So why not SSDs all the way? this one I'm sure most of you know as these systems are quite as abscure and mysterious as registers and caches. for 100$ you can get a 64gigabyte SSD, about an order of magnitude larger than your RAM. for 100$ you could also get a 750gb magnetic disk drive. So the constraining feature of SSDs then is cost.

So to summarize what I've said. Registers, extremely fast, capable of dumping their contents every cycle, but because of limitations imposed by the size of instructions and the speed at which light travels, there can only be 6 of them. Cache, quite fast, resides on the processor itself, but due to size limitations, can't be bigger. Ram, slow, it has vast amounts more data than the cache, but again because of limitations of size and the speed of light (a photon at one end of a stick of ram will only be able to travel as far as the other end of the stick of ram in the time it takes for your CPU to complete a cycle.) as well as heat (if we try to pack ram closer, it is going to start to melt itself due to an inability to disperse the heat it produces.) ram is limited to a couple gigabytes. Lastly there is hard drives. These hold huge amounts of data, but are quite slow in getting to and reading that information as well. So when you compare the two end of the spectrum, a registers hold about 32 bytes of information and can transfer about 752 gigabits. in contrast, a magnetic disk can hold a terabyte or more, which is 31,250,000,000 times as much data, but can only transfer about 0.2 gigabits of it persecond, which makes registers about 3960 times faster.

All the kinds of memory are quite necessary to get your computer running quickly and hold the large quantities of data that we have come to enjoy. In my mind it is kind of like orbits of planets. futher planets orbit very slowly but have huge orbits, and planets that are painful close to the sun have tiny orbits but orbit ridiculously fast.

So, when it the Mac Research guy said that the local memory buffers on the GPU are so fast they can function as registers, it is amazing. it is trun the small handful of registers into a large group of almost 4k. that has amazing potential. Storing information in the local memory you can get calculations to just scream. Typically the GPU are clocked at about a 5th of the speed of a CPU. If you can things running in the local memory buffer, then you can get each individual stream processor to start to give the CPU a run for its money. that is crazy fast.

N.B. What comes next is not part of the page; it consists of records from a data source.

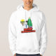 Um bonzinho de neve segurando um menorah com uma árvore de Natal - desejando-lhe uma Feliz de Chrismukkah em um capuz branco.
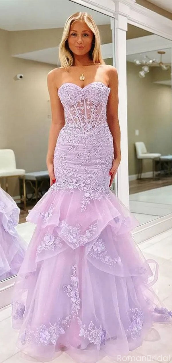 Fancy Lavender Lace Mermaid Prom Gown Strapless Tiered Formal Dress,OLP1788
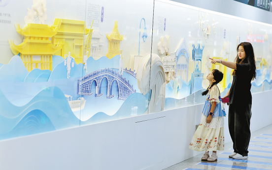 记者来到地铁5号线大运河站,虽然是工作日的下午,但站内人流量依然不小。走进站厅,首先映入眼帘的是20米长的纸雕,如画卷徐徐展开,古代、近代、新中国成立后以及当代四个时期的拱宸桥畔风情一窗呈现,搭建起一座连接过去与未来的桥梁。运河之上,浙江展览馆、拱宸桥、香积寺、小河公园、望宸阁等地标性建筑依次展现,市井烟火与人文荟萃交织,让我们得以领略大运河水脉的奔腾绵延,见证拱墅城区的跃迁发展。
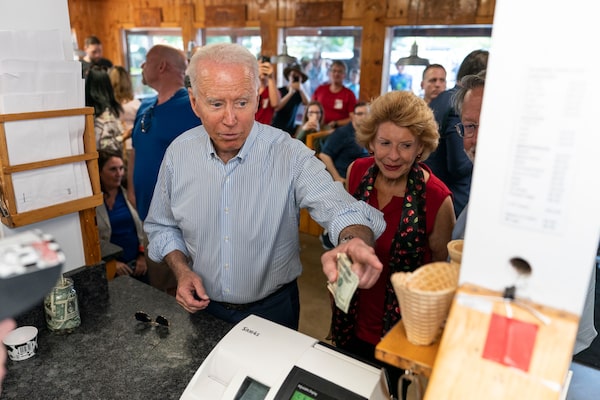 U.S. President Joe Biden buys ice cream at Moomers Homemade Ice Cream, with Sen. Debbie Stabenow and Sen. Gary Peters, on July 3, 2021, in Traverse City, Mich.Alex Brandon/The Associated Press
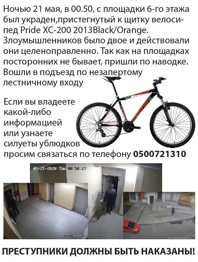 Нночью 21 мая 20202 года в Харькове был украден велосипед Pride XC-200 26" (2013) Black-Orange

That was a lot longer more than I had intended to write, and there are somethings that I left out. But I'll wrap this up here for now. Besides, its not like anyone reads this so it doesn't really matter. :p

Thursday, November 3, 2011


Code writing has been put on hold for the month of November for the post part. I'm partaking i nanowrimo so I'll be spending the majority of my time writing writing a novel. I've done some research on concurrency of which I'll write about here soon. but for now, I probably won't post again till much later. Not that anyone reads this to care. xD

Thursday, October 27, 2011

Working with openCL programs

So. it turns out, programing and debugging is hard. Not that that should suprise anyone. Particularly if you are reading this. But what i'm refering to particularly is trying to program and debug openCL kernels. I like to think I'm a pretty slick programmer. I should really use a debugger more often then I do, but I can manage typically to figure out all of my class assignements using only compiler out put and a lot of thinking. Trying the same approach with these OpenCL kernels has miserably failed. The reason being, I really have no clues as to why compiling kernels fails. This whole system is still very new to me, so having no clues is remarkably not helpful.

So I went out in search of help. What I found was the intel sdk offline compiler. But it was a .rpm not a .deb. But I decided to press my luck and give it a go. I converted the .rpm with "alien sdk.rpm" and then installed it. Took me a moment but I eventually figured out that the program names were "ioc" and "". Then I tried ioc. gave me an error about shared library not found. so i tried, it gave me a pair of errors but the gui still came up. I tried to compile, and no luck. nothing happened, say for the build log turning red. The fix was simple obvious, though to my great embarrasment i didn't realize such for almost an hour and a half. sudo apt-get install libnuma-dev was all I needed to get it working, on Red Hat and its kin this may not be a problem.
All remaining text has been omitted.